What is needed: Below are some records. Write out the lines from the one containing "拿在手里,可以看出AP10的" to the last line, word for word, leaving out pictures.

Provided material:
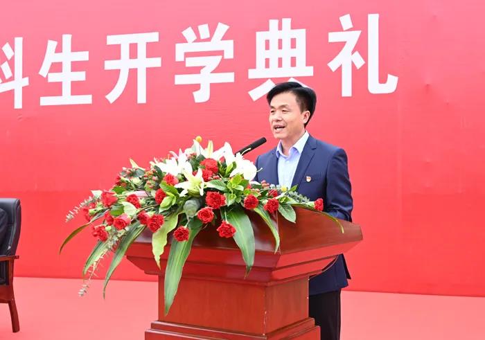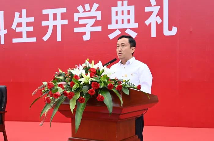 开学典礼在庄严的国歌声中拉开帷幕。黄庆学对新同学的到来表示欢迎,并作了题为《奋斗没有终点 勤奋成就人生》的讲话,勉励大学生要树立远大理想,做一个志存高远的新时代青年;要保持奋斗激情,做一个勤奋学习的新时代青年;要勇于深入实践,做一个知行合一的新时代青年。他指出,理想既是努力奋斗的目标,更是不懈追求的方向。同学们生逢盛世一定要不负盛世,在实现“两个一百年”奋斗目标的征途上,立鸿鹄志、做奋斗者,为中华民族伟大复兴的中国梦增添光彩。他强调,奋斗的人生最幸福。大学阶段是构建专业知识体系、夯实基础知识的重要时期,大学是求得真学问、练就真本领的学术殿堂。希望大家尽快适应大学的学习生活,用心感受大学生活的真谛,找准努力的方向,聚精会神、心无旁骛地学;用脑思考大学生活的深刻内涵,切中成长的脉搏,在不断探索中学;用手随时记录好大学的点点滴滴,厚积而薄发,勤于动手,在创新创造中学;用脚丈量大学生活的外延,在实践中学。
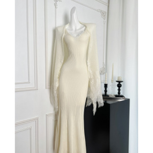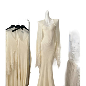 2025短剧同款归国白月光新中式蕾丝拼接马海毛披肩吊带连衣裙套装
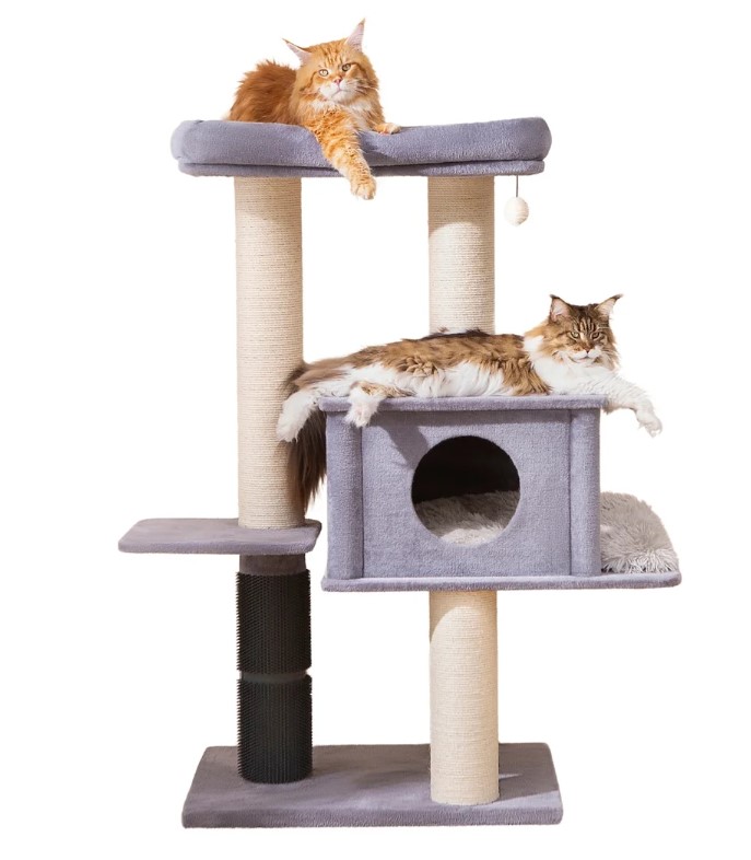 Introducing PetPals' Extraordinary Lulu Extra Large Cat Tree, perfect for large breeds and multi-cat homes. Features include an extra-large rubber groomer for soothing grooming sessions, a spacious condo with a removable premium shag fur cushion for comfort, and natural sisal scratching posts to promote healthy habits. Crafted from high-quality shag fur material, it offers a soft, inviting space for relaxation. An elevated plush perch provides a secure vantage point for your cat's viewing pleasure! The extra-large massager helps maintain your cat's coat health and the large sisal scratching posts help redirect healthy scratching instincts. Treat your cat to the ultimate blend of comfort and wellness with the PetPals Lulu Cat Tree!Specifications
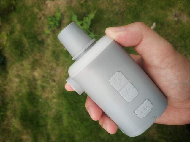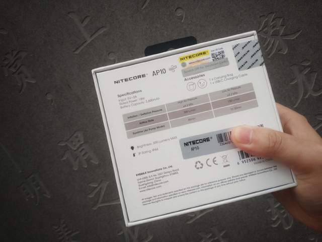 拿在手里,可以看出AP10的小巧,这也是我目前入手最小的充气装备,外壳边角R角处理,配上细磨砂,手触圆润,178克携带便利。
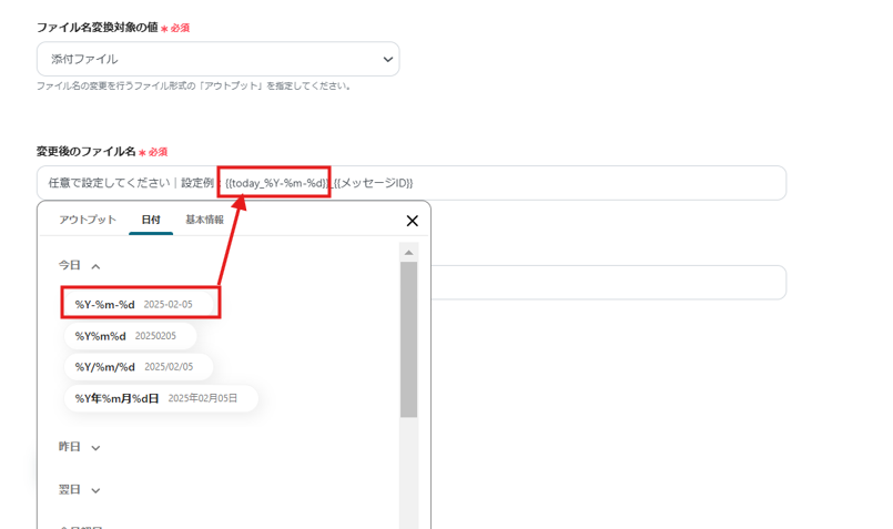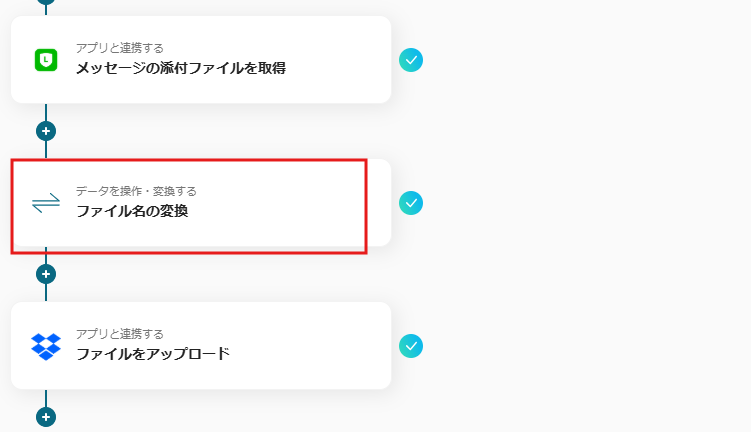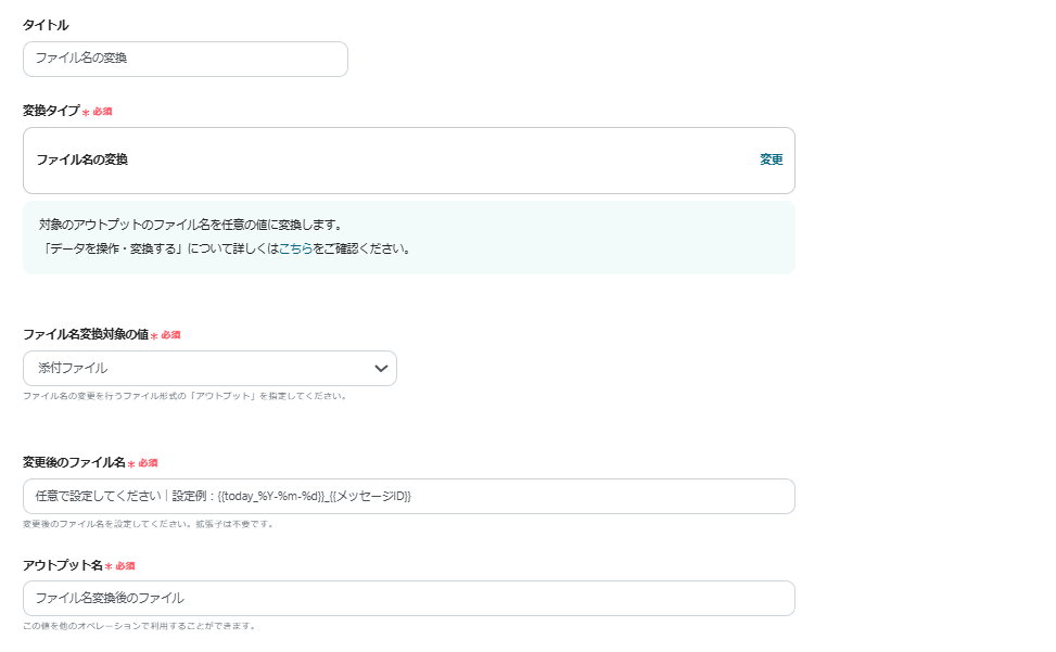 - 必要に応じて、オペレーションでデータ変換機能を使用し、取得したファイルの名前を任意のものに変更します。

Expected output:
 拿在手里,可以看出AP10的小巧,这也是我目前入手最小的充气装备,外壳边角R角处理,配上细磨砂,手触圆润,178克携带便利。
 - 必要に応じて、オペレーションでデータ変換機能を使用し、取得したファイルの名前を任意のものに変更します。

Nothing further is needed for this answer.